To enjoy stoner silliness is not to advocate an unlawful activity (says one whose post-college pot experience is limited to the Revereware-in-the-kitchen variety).
My sentiments about marijuana are pretty much like those about guns. I firmly believe in their control -- except on-screen, where they are crucial for entertainment value.
Just as you can be antigun and enjoy "Dirty Harry," you don't have to be stoned to enjoy stoner comedy.
The earliest recorded comedy -- Greece, seventh century B.C. -- involve the antics of drunks.
Then, as now, one in an altered state lacked social and sexual inhibition and exhibited anti-authoritarian behavior, vicariously enjoyed by his audience.
Then, as now, the comic function of souse (or stoner) was to stand apart from everyday life and note the inconsistencies in institutions and social order.
Heirs to this tradition: W.C. Fields ("Everybody should believe in something; I believe I'll have another drink."); Red Skelton (famous for his "Guzzler's Gin" bit as the pitchman taping an ad who gets sloppy drunk on his product); and George Carlin ("Drinking and driving don't mix. Do your drinking early in the morning and get it out of the way. Then go driving while the visibility is still good").
Cheech & Chong took drunk humor out of the bar and into the car, substituting doobie for highball and leaving no stoner unturned.
Thirty years ago, they combined buddy movie with substance-abuse comedy, creating the pothead comedy, which reintroduced visual humor to movies in an era when much comedy was purely verbal (see Woody Allen).
Since then, the equation for pothead drollery has been: 2 dudes + 1 doobie = 1,001 giggles.
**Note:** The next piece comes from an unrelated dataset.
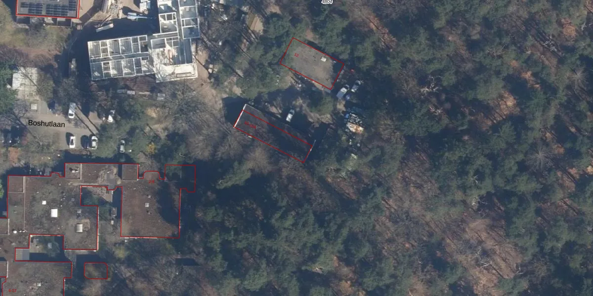Het perceel waarop Boshutlaan 10-A staat heeft een oppervlakte van 13,0 ha. Dit is een zeer groot perceel. De perceeloppervlakte wordt geregistreerd door het Kadaster. Gedetailleerde informatie over de maten van dit perceel kunt u vinden in het rapport Kadastrale kaart met maatvoering van Boshutlaan 10-A.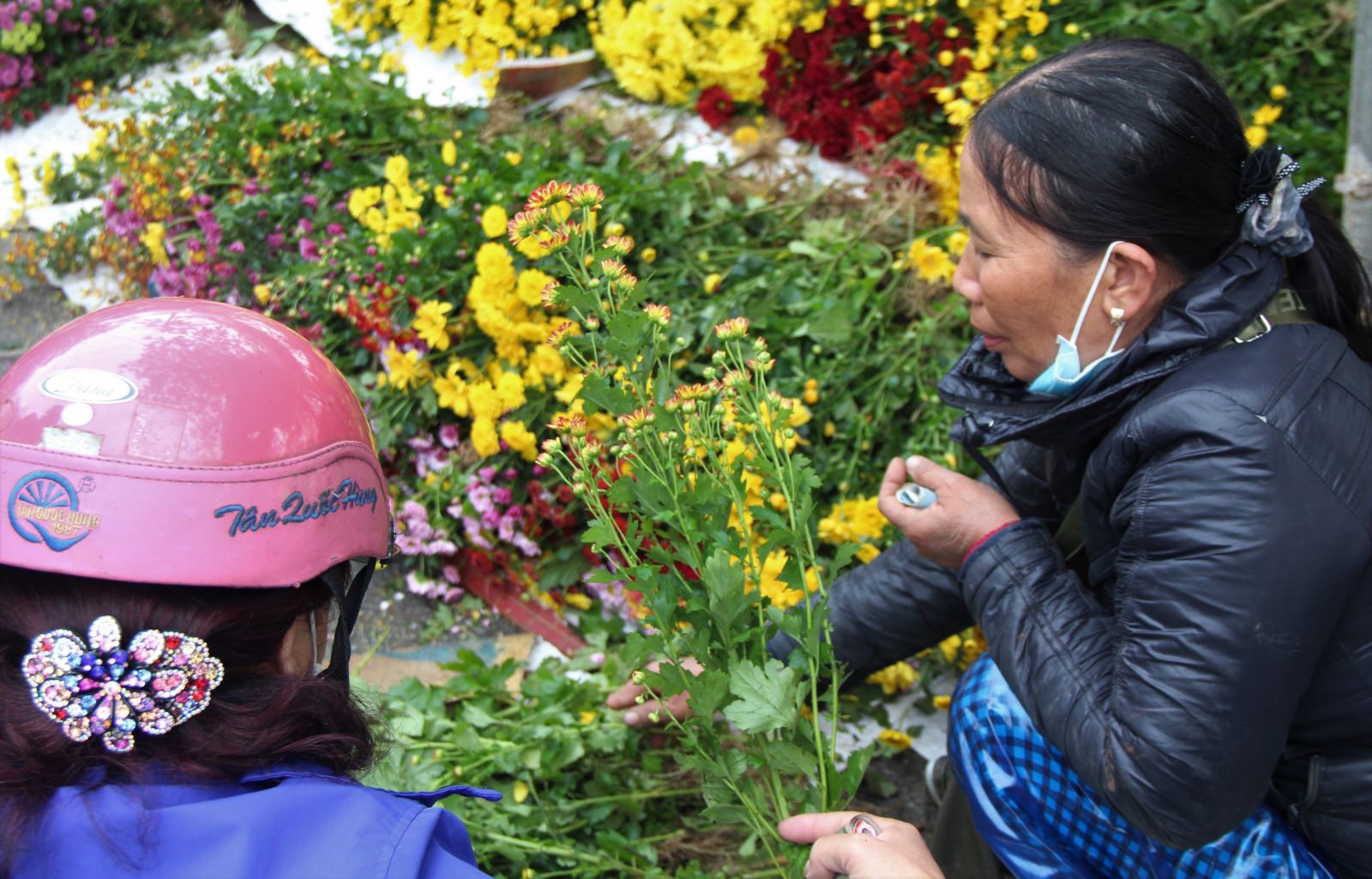 Theo ghi nhận, khu bán hoa cắt cành cắm tết và các loại trái cây tập trung nhiều nhất ở phía mặt sau chợ Đông Ba, trên đường Chương Dương. Từ sáng sớm, dòng người từ nhiều nơi nối đuôi nhau về đây tìm mua những loại trái cây, bó hoa ưng ý nhất nhưng vừa túi tiền.

(Curiously, stoner comedy is, like so many things, almost exclusively a male preserve. Can anyone name a pothead frolic besides "Smiley Face" in 2007 in which the toker is female?)
Pothead humor is particularly suited for film because it provides endless possibilities for slapstick. Take the scene in "Pineapple Express" where Franco, driving an unfamiliar car where he can't find the wipers, improvises a peephole through the toxic-red Slurpee blanketing the windshield.